> **WHAT TO DO**: Within the records that follow, restate exactly the lines from the line with "42. Синя термочаша" down to the line with "슈퍼 차저 빅 탑 스프레이", including both. Omit the pictures.

> **RECORDS TO USE**:
----------

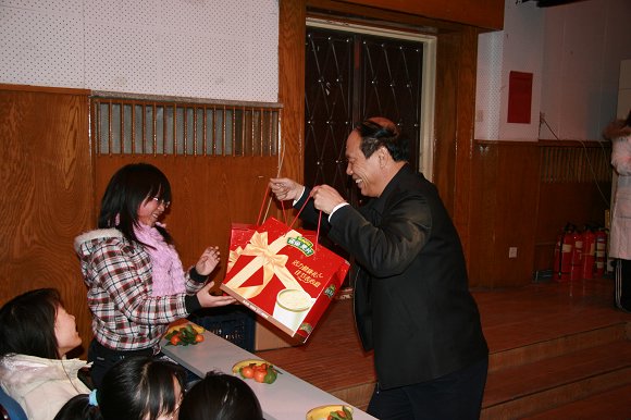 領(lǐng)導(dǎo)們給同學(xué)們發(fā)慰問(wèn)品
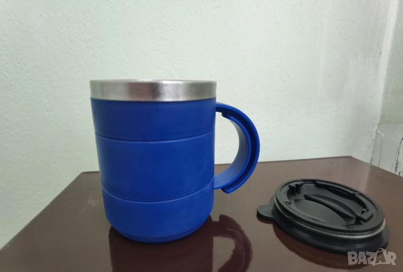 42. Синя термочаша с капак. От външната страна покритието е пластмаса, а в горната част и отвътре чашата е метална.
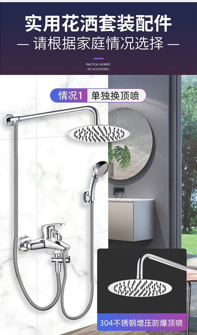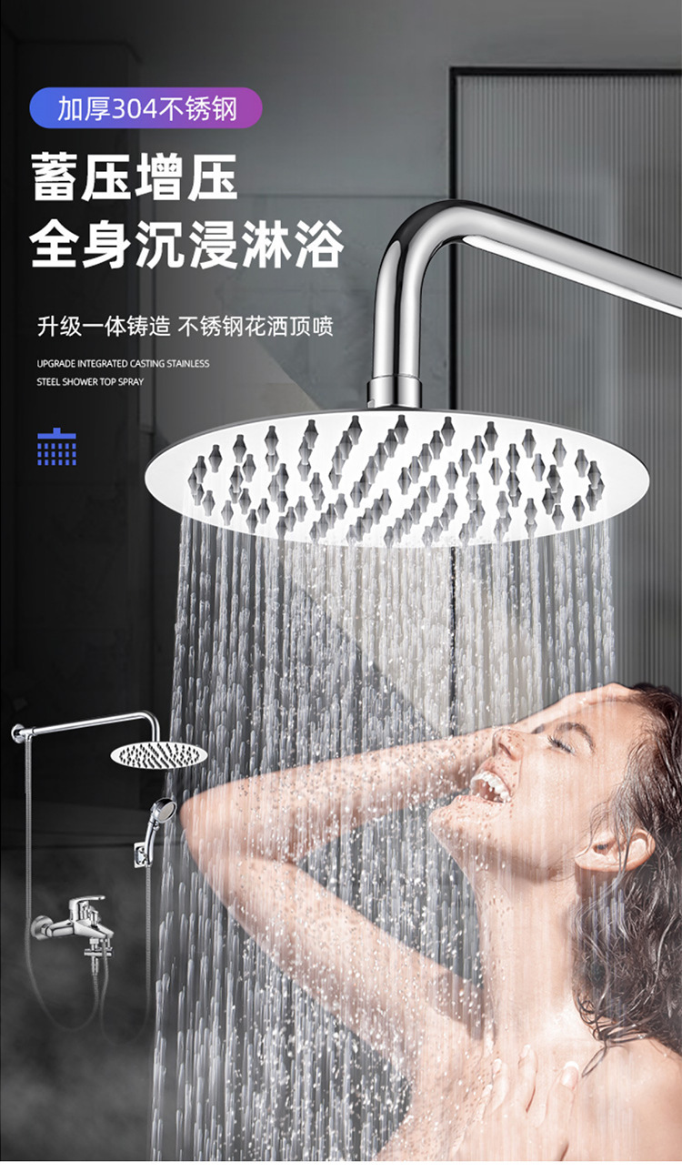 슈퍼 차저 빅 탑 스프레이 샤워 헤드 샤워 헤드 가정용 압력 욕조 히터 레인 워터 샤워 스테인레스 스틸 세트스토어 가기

----------

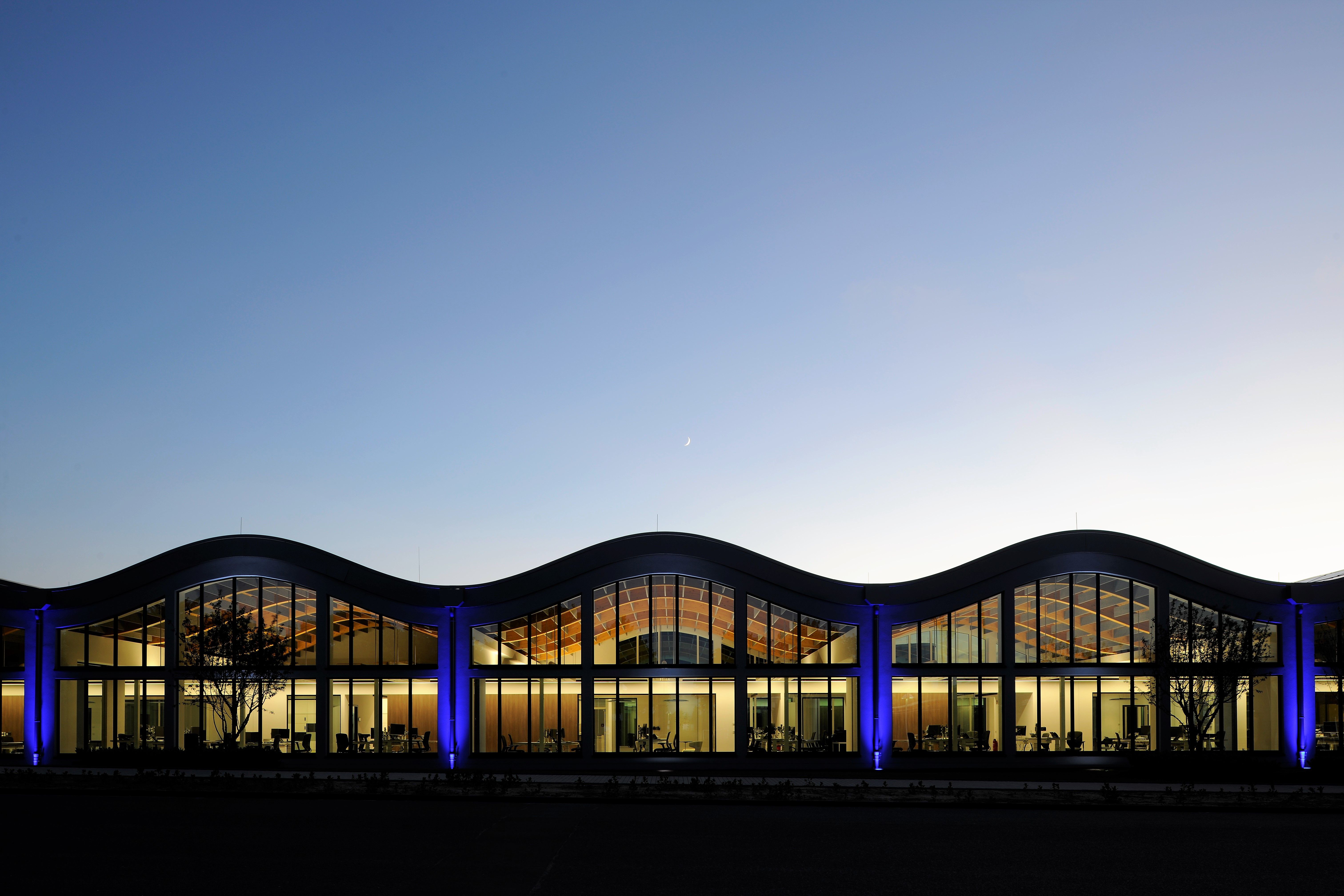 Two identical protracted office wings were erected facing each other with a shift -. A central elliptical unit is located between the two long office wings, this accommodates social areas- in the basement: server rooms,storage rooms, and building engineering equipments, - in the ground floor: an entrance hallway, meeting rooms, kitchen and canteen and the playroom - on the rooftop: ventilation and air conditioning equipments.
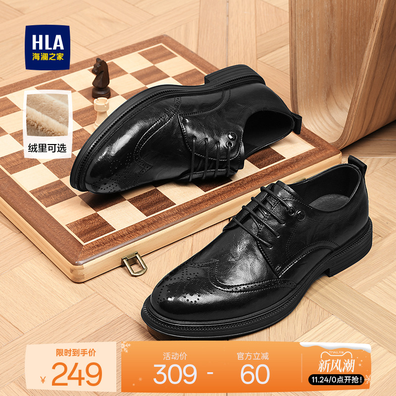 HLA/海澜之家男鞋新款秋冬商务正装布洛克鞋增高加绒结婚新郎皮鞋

----------

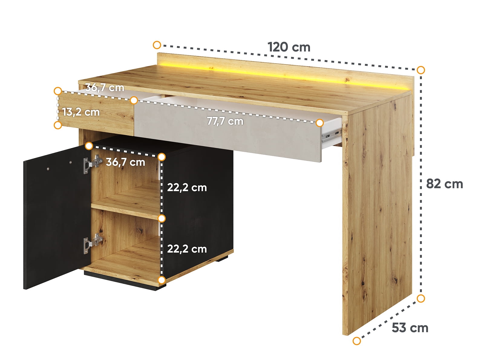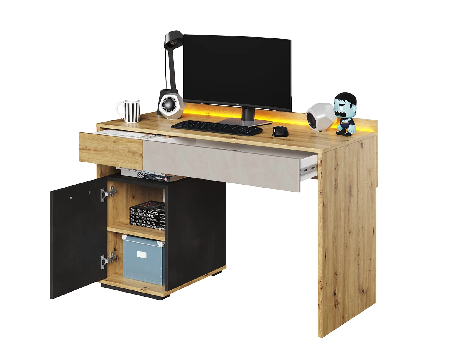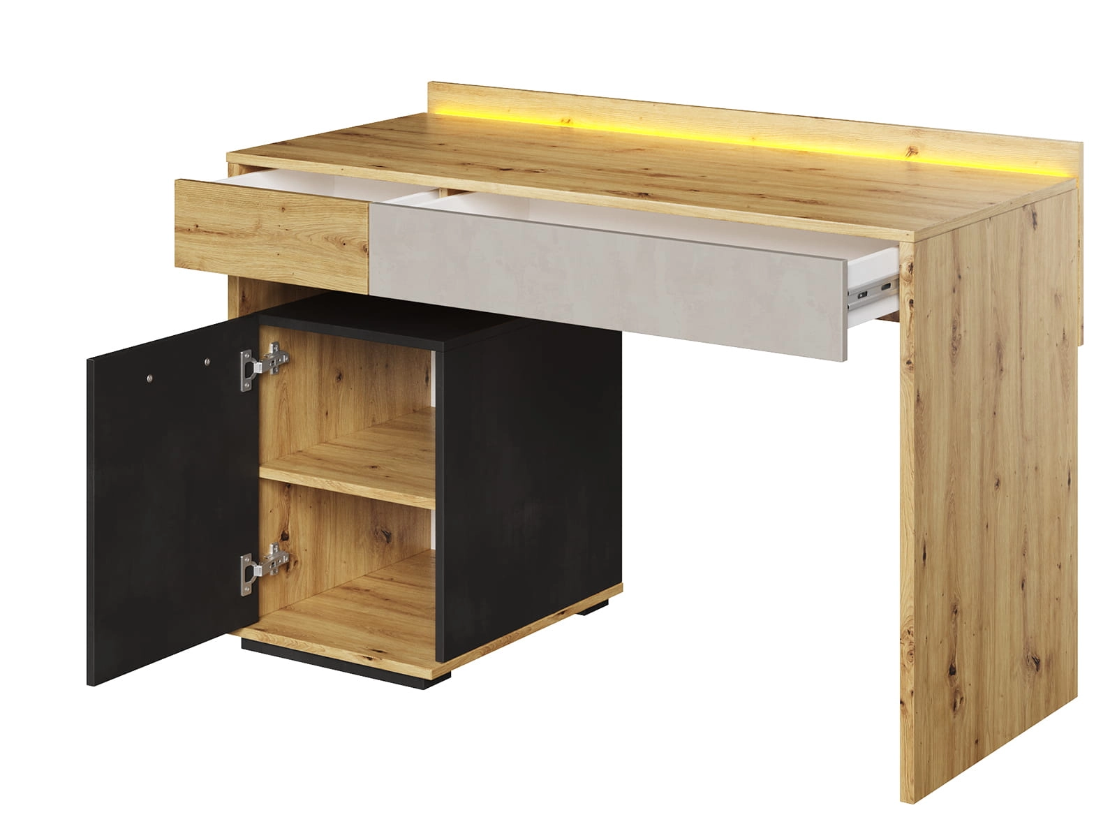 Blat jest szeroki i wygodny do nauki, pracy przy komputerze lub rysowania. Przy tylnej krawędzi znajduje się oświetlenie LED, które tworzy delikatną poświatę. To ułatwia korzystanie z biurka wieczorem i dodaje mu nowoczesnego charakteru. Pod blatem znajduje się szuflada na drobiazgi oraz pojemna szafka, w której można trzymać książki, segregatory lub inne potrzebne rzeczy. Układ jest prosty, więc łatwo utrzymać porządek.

----------

> **SOLUTION BELOW**:
 42. Синя термочаша с капак. От външната страна покритието е пластмаса, а в горната част и отвътре чашата е метална.
 슈퍼 차저 빅 탑 스프레이 샤워 헤드 샤워 헤드 가정용 압력 욕조 히터 레인 워터 샤워 스테인레스 스틸 세트스토어 가기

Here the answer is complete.